PROBLEM TO WORK ON
Your copy should repeat each record exactly and contain none of the pictures.

** SUPPLIED MATERIAL follows **

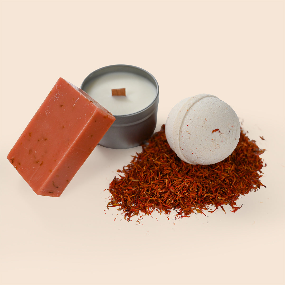 The Lather, Light, & Lavish Gift Set transforms any self-care evening into a serene retreat. Each trio pairs an all-natural soap, soothing bath bomb, and clean-burning soy candle in perfectly coordinated scents—created to calm the mind, nourish the skin, and fill the room with gentle, lasting fragrance.
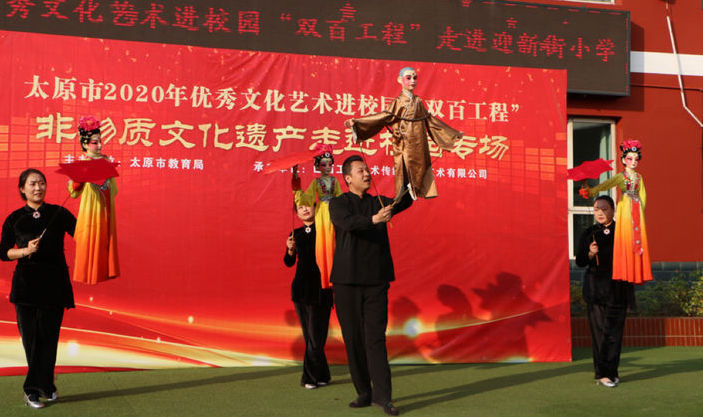 近日,由太原市教育局主辦的優秀文化藝術進校園“雙百工程”走進迎新街小學教育集團總校,非物質文化遺產的藝術家和傳承人給高三全體師生送來了一場豐盛的藝術盛宴。
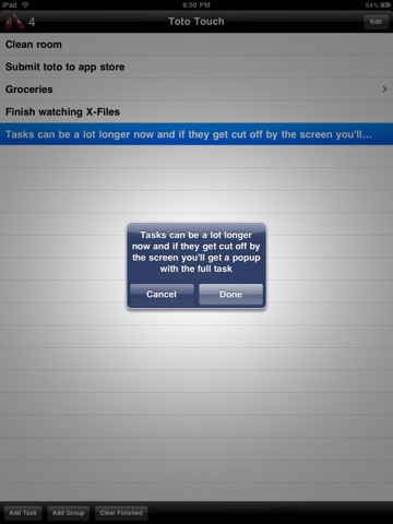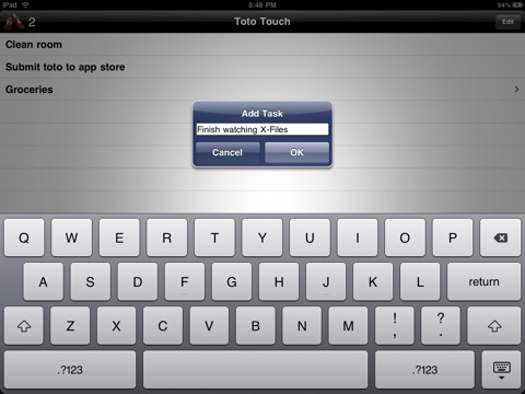 Toto lets you add tasks faster than any other app in the app store. Type and tap, its that easy.
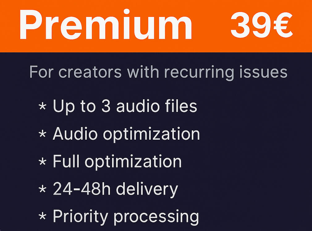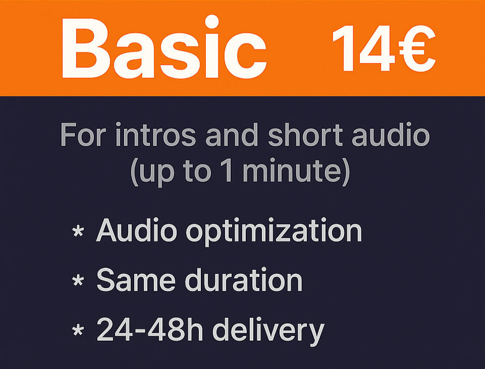 We will optimize your audio and deliver the final file within 24–48 hours.
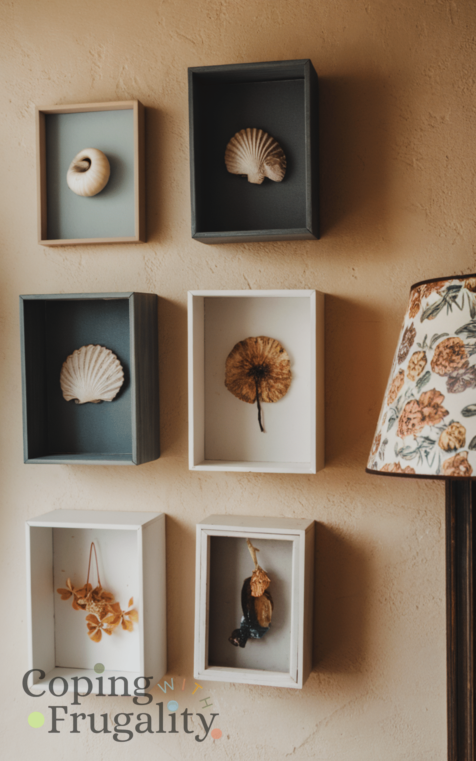 Shadow boxes are perfect for displaying small keepsakes which makes them a meaningful DIY wall art idea on a budget and you can showcase shells dried flowers or souvenirs in each box to create a wall full of memories and it is simple affordable and very personal.
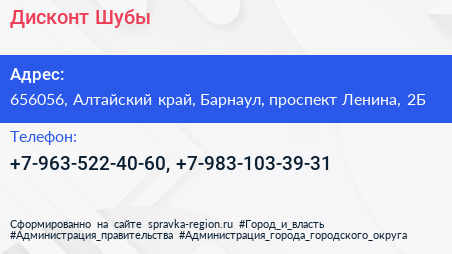 Дисконт-Шубы по адресу 656056, Алтайский край, Барнаул, проспект Ленина, 2Б в дальнейшем Организация, размещена в следующих категориях:
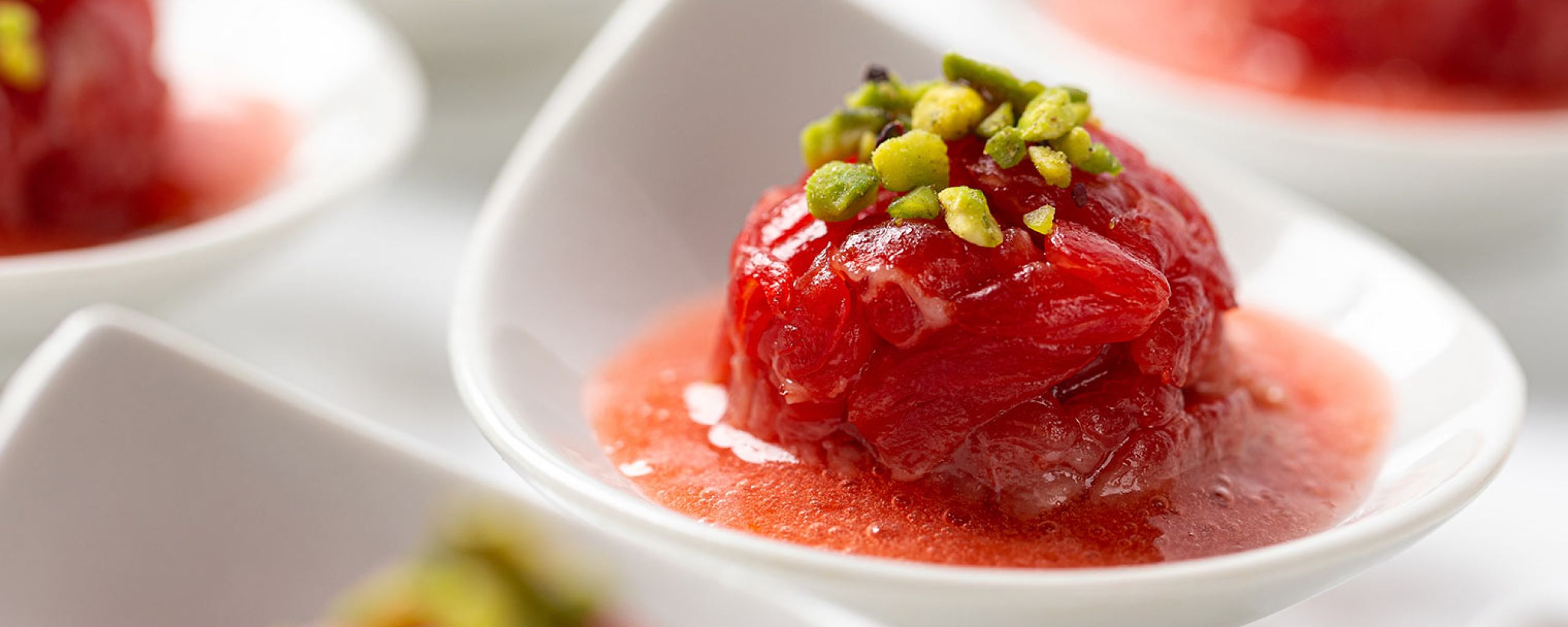 - Sushi pizza: roll di pizza di riso venere, ripieno di fior di latte, crudo del maiale nero di Faeto, salsa di pomodoro fresco
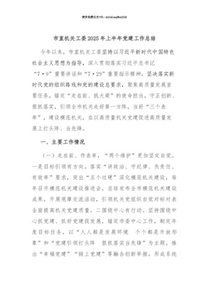 【七哥公文】2025年:【七哥公文】市直机关工委2025年上半年党建工作总结+更多免费公文+VX:QiGeGongWen2024+更多免费公文+VX:QiGeGongWen2024
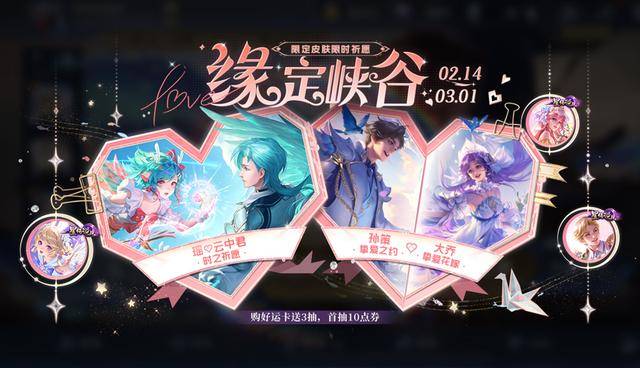 大乔&孙策星传说将在2月14日上架,参与返场祈愿抽奖获得,好运卡赠送3抽,同时挚爱花嫁、挚爱之约、时之祈愿、时之愿境返场。
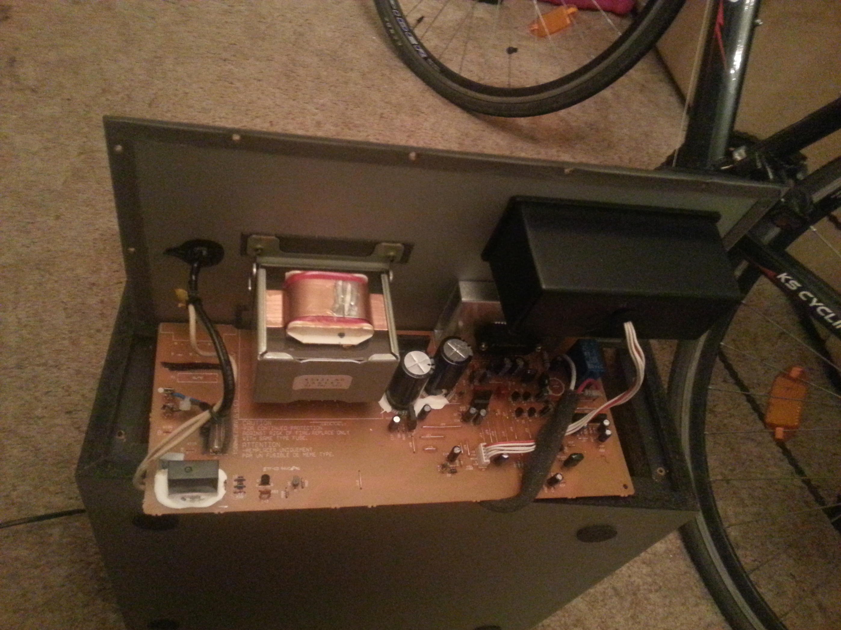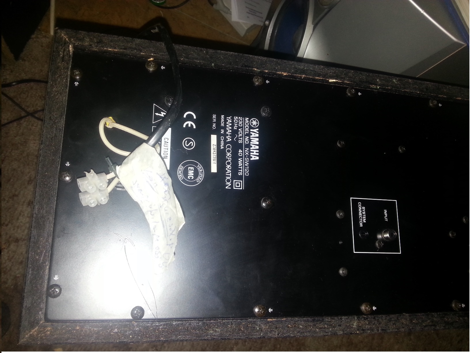 Faul wie ich bin, habe ich den Subwoofer nachdem ich die Bilder (sorry für die schlechte Quali btw, hoffte das reicht aus) schoss natürlich nicht wieder ordentlich zusammengebaut und weggepackt und so ist passiert, was passieren musste... gegengelaufen, umgefallen, Plantine geknickt.
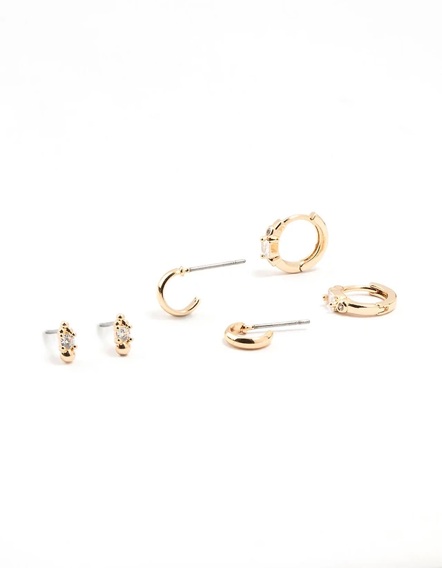 Gold Cubic Zirconia Heart & Twisted Huggie Earrings 3-Pack
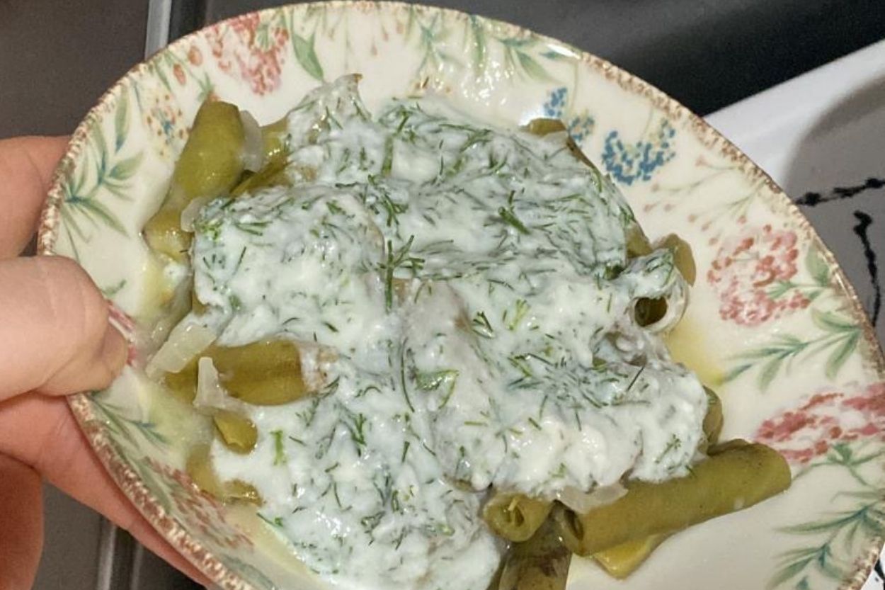 - Baklalar tamamen piştiğinde ocağın altını kapatalım. Yoğurt ve ince doğranmış dereotunu ekleyerek servis edelim. Zeytinyağlı bakla yemeği hazır! Afiyet olsun.
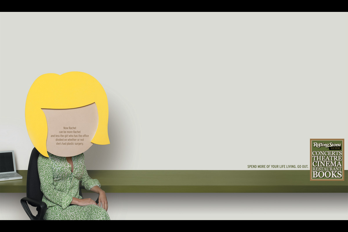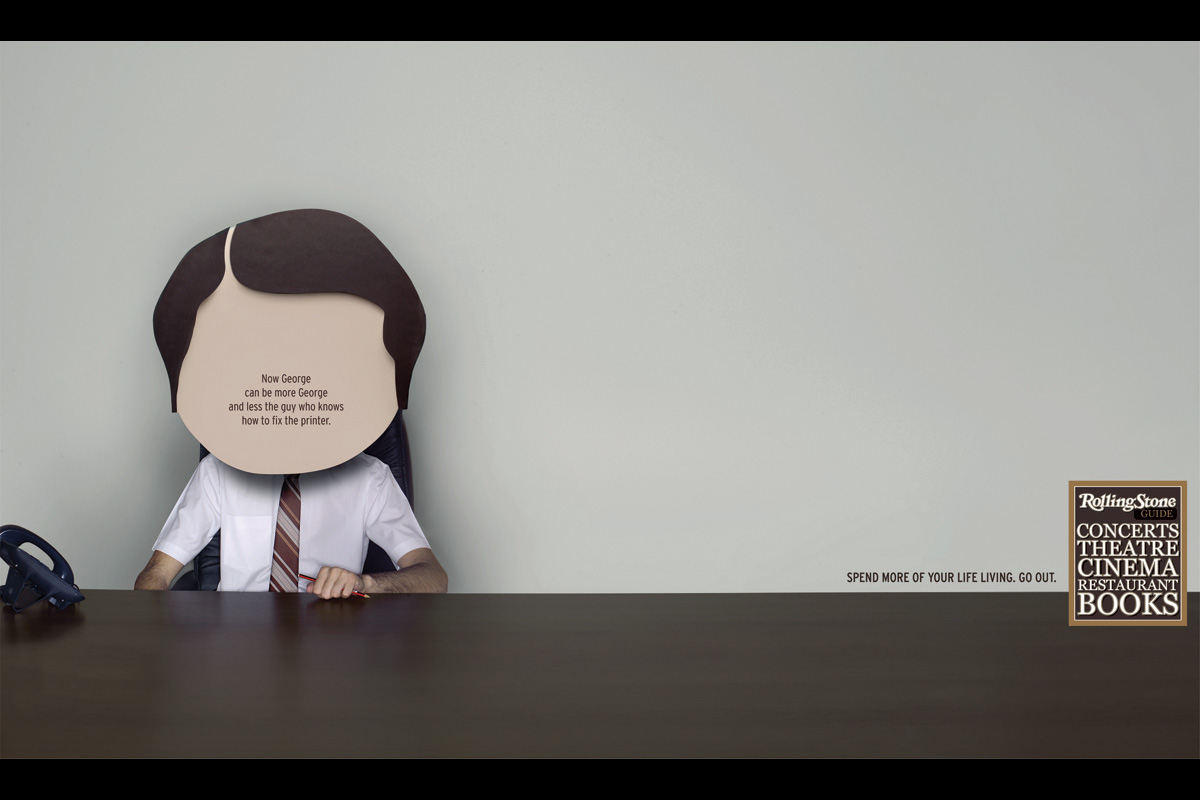 RollingStone guide укажет верный путь в сторону счастливой жизниМногие люди настолько увлечены своей работой, что не видят ничего, кроме офиса и работы. Изо дня в день одно и то же. Гид по местам досуга RollingStone guide и агентство la comunidad предлагают общественности скинуть с себя оковы "системы", перестать быть неприметным парнем или девушкой из офиса, каких миллионы, и начать жить полноценной жизнью.Агентство: la comunidad, Buenos Aires, Argentina Исполнительные креативные директора: Joaquin Molla, Jose Molla Копирайтер: Santiago Luna Lupo Арт директор: Leandro Mosca Ретушь: Hernan Sanchez / Gryp |
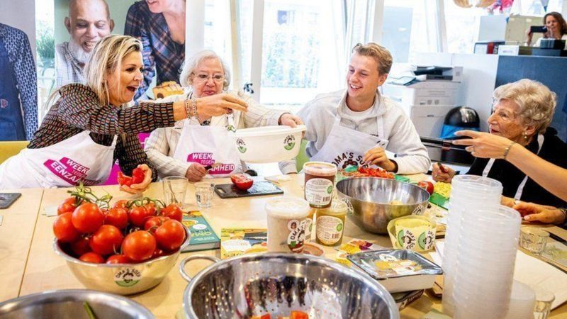Cientos de eventos especiales se organizan en todo el país. La reina Máxima de Países Bajos participó en uno de ellos en un taller de Oma’s Soep.
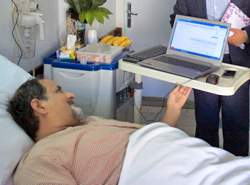آنچه در نگاه اول، به چشممان خورد، لپ تاپ و تجهیزات اتصال به اینترنت بود که در کنار تخت وی گذاشته شده بود البته  وی با فروتنی آن را مورد استفاده همراهانش دانست.
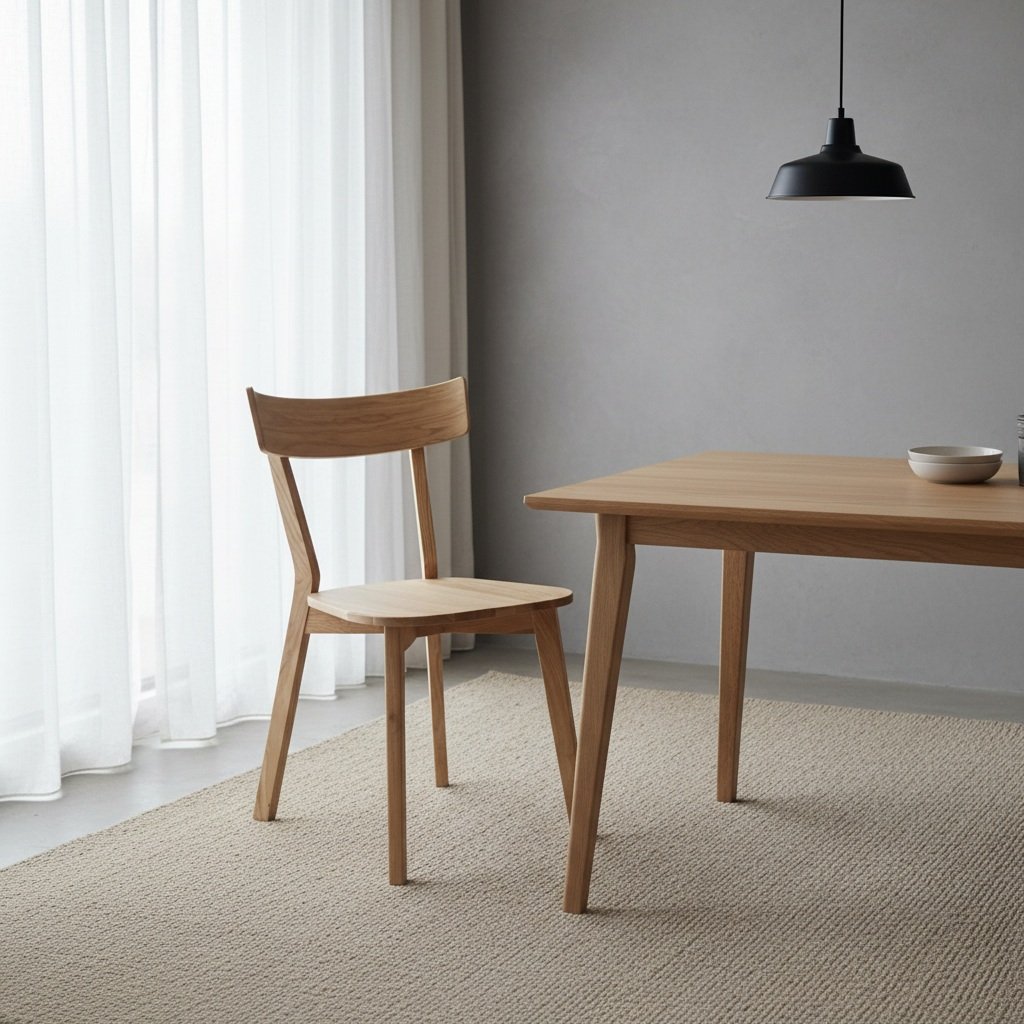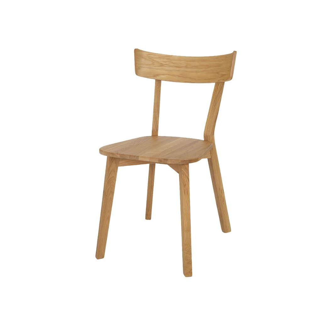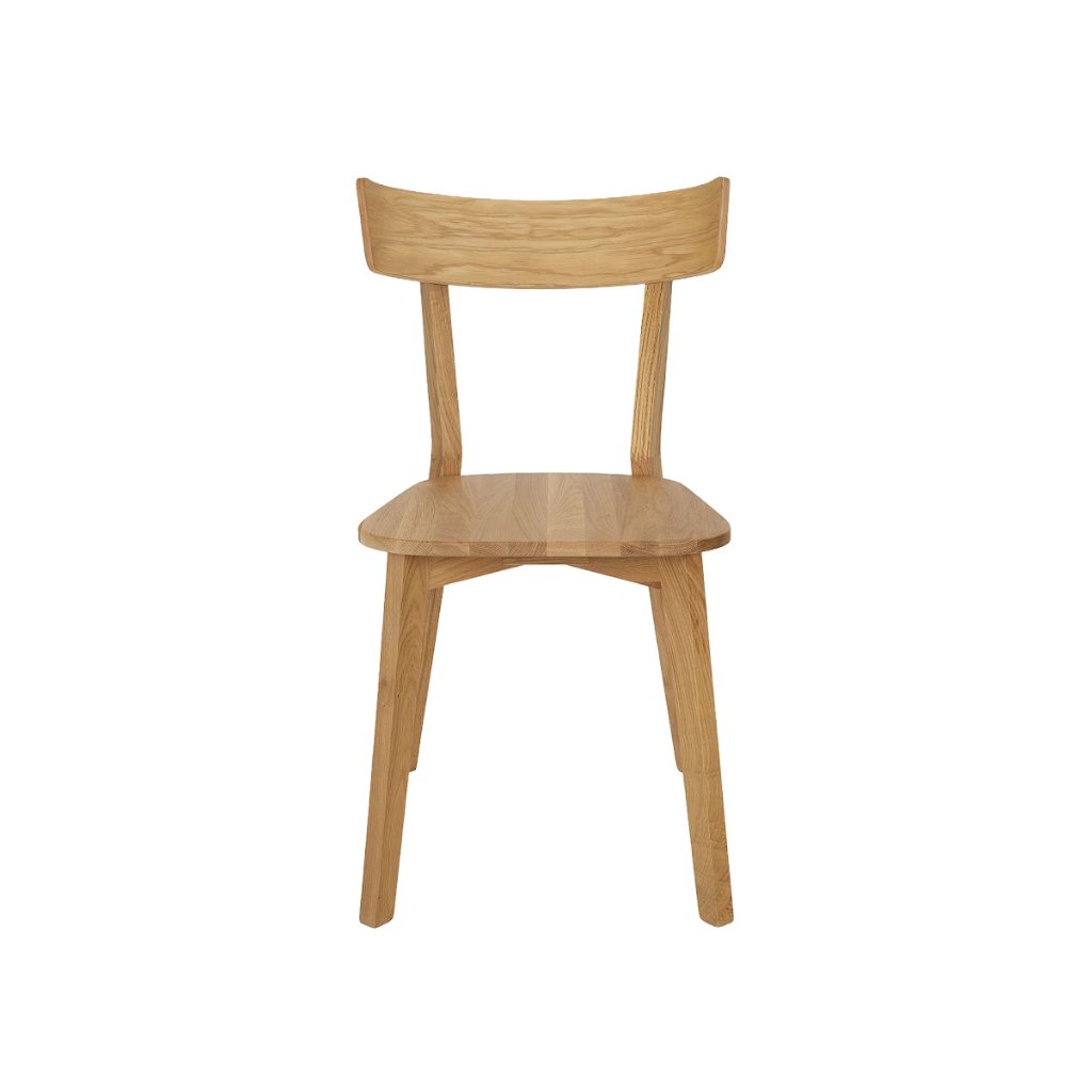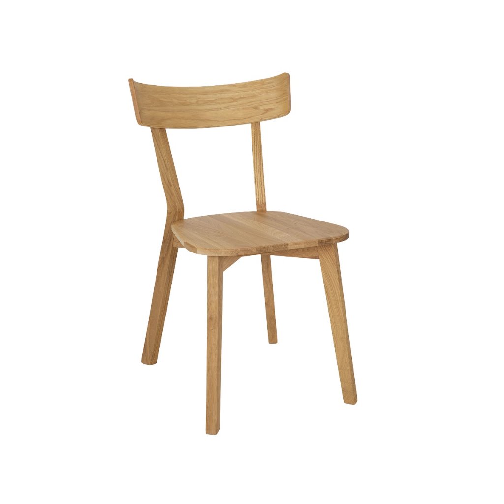 Jedálenská stolička má konštrukciu vyrobenú z dubového dreva, ktoré zaručuje pevnosť, stabilitu a dlhú životnosť, zatiaľ čo drevený sedák ponúka minimalistický dizajn bez čalúnenia pre jednoduchú údržbu.

** End of SUPPLIED MATERIAL **

RESULT BELOW
 The Lather, Light, & Lavish Gift Set transforms any self-care evening into a serene retreat. Each trio pairs an all-natural soap, soothing bath bomb, and clean-burning soy candle in perfectly coordinated scents—created to calm the mind, nourish the skin, and fill the room with gentle, lasting fragrance.
 近日,由太原市教育局主辦的優秀文化藝術進校園“雙百工程”走進迎新街小學教育集團總校,非物質文化遺產的藝術家和傳承人給高三全體師生送來了一場豐盛的藝術盛宴。
 Toto lets you add tasks faster than any other app in the app store. Type and tap, its that easy.
 We will optimize your audio and deliver the final file within 24–48 hours.
 Shadow boxes are perfect for displaying small keepsakes which makes them a meaningful DIY wall art idea on a budget and you can showcase shells dried flowers or souvenirs in each box to create a wall full of memories and it is simple affordable and very personal.
 Дисконт-Шубы по адресу 656056, Алтайский край, Барнаул, проспект Ленина, 2Б в дальнейшем Организация, размещена в следующих категориях:
 - Sushi pizza: roll di pizza di riso venere, ripieno di fior di latte, crudo del maiale nero di Faeto, salsa di pomodoro fresco
 【七哥公文】2025年:【七哥公文】市直机关工委2025年上半年党建工作总结+更多免费公文+VX:QiGeGongWen2024+更多免费公文+VX:QiGeGongWen2024
 大乔&孙策星传说将在2月14日上架,参与返场祈愿抽奖获得,好运卡赠送3抽,同时挚爱花嫁、挚爱之约、时之祈愿、时之愿境返场。
 Faul wie ich bin, habe ich den Subwoofer nachdem ich die Bilder (sorry für die schlechte Quali btw, hoffte das reicht aus) schoss natürlich nicht wieder ordentlich zusammengebaut und weggepackt und so ist passiert, was passieren musste... gegengelaufen, umgefallen, Plantine geknickt.
 Gold Cubic Zirconia Heart & Twisted Huggie Earrings 3-Pack
 - Baklalar tamamen piştiğinde ocağın altını kapatalım. Yoğurt ve ince doğranmış dereotunu ekleyerek servis edelim. Zeytinyağlı bakla yemeği hazır! Afiyet olsun.
 RollingStone guide укажет верный путь в сторону счастливой жизниМногие люди настолько увлечены своей работой, что не видят ничего, кроме офиса и работы. Изо дня в день одно и то же. Гид по местам досуга RollingStone guide и агентство la comunidad предлагают общественности скинуть с себя оковы "системы", перестать быть неприметным парнем или девушкой из офиса, каких миллионы, и начать жить полноценной жизнью.Агентство: la comunidad, Buenos Aires, Argentina Исполнительные креативные директора: Joaquin Molla, Jose Molla Копирайтер: Santiago Luna Lupo Арт директор: Leandro Mosca Ретушь: Hernan Sanchez / Gryp |
Cientos de eventos especiales se organizan en todo el país. La reina Máxima de Países Bajos participó en uno de ellos en un taller de Oma’s Soep.
آنچه در نگاه اول، به چشممان خورد، لپ تاپ و تجهیزات اتصال به اینترنت بود که در کنار تخت وی گذاشته شده بود البته  وی با فروتنی آن را مورد استفاده همراهانش دانست.
 Jedálenská stolička má konštrukciu vyrobenú z dubového dreva, ktoré zaručuje pevnosť, stabilitu a dlhú životnosť, zatiaľ čo drevený sedák ponúka minimalistický dizajn bez čalúnenia pre jednoduchú údržbu.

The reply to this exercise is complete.